A visual comparison of the core–periphery classification of the nodes (core nodes are in blue color and peripheral nodes are in red color) in Figs. 13 and 17 reveals that the core nodes identified by the k-shell decomposition approach are mostly a part of the dense block of core nodes identified by the LCC-based iterative peeling strategy as well as the peripheral nodes identified by the LCC-based iterative peeling strategy are typically a subset of the peripheral nodes identified by the k-shell decomposition method. A visual analysis of the eight benchmark real-world networks as well as the moderate-high median values for the CP similarity index values between the two methods (presented in Fig. 16) clearly indicate that the k-shell decomposition method basically underestimates the number of core nodes and overestimates the number of peripheral nodes, especially for networks categorized as core-heavy by the LCC-based iterative peeling strategy. This could be attributed to the over reliance of the k-shell decomposition method on the degree centrality metric for iteratively peeling the network rather than taking into consideration the betweeness and closeness of the nodes to the rest of the nodes in the network (which formed the motivation for the proposal of the LCC-based iterative peeling strategy).
Net # 62 Band Jazz network is an ideal case for showcasing a potential weakness associated with the k-shell decomposition method. A relatively smaller clique of high-degree nodes that is not in between a majority of node pairs as well as not closer to a majority of the nodes gets classified as the core nodes of the network per the k-shell decomposition method that also clubs the rest of the nodes (the peripheral nodes) across 20 shells, leading to a total of 21 shells and the network being categorized as peripheral-heavy. On the other hand, we observe the LCC-based iterative peeling strategy (see the results in Fig. 6) to categorize the Band Jazz network (also see the visualization in Fig. 13) as a core-heavy network, with just 2 p-levels. The Yifan Hu proportional layout of the Band Jazz network (featuring a larger/dense connected component of nodes) presented in Figs. 13 and 17 vindicate the articulation and accuracy of the LCC-based iterative peeling strategy in extracting core–periphery structures.
Related work
Core–periphery structure analysis is done at the intermediate-scale (neither at the network-level nor at the nodde-level), referred to as mesoscale-level (Yanchenko and Sengupta 2023) (i.e., groupings of nodes to categories, in this case: core and peripheral). A related mesoscale structure in network analysis is the notion of “communities” (also referred to as clusters) wherein nodes within a community (Newman 2010) are expected to be more densely connected and nodes across two communities are sparsely connected. Community detection algorithms (e.g., (Girvan and Newman 2002)) typically focus on determining modular communities (that possess a larger intra-cluster density and lower inter-cluster density).
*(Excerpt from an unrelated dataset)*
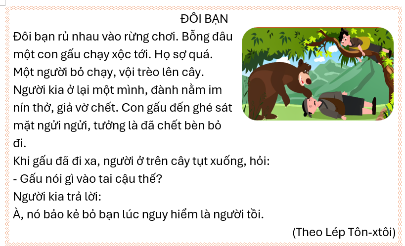 c) Gấu nói kẻ bỏ bạn lúc nguy hiểm là người tồi.

However, the objective to determine modular communities leads to the detection of non-overlapping communities (i.e., a node can be part of only one community). On the contrary, it has been observed in Yang and Leskovec (2014) that an objective to maximize the participation of nodes in different communities (per the community-affiliation graph model (Yang and Leskovec 2012)) leads to the detection of overlapping communities wherein a larger density was observed among the nodes in the overlapping segments compared to the density among nodes that are within just a single community. The authors of Yang and Leskovec (2014) advocated that such overlapping communities could be the precursor to detect core–periphery structures (nodes in the overlapping segments of the communities could form the core and those that are in just a single community could form the peripheral nodes). Community detection algorithms require global knowledge of the network for their execution and even the best known computationally-efficient community detection algorithm (the Louvain algorithm (Blondel et al. October 2008), implemented in Gephi (2022)) is of O(nlogn) time complexity, where n is the number of nodes in the network. On the other hand, the LCC metric used in our research as the basis for identifying layers of peripheral nodes and the inner single layer of core nodes is a computationally-light metric that can be computed asynchronously (as well as in parallel for all the nodes) just using a node's two-hop neighborhood information.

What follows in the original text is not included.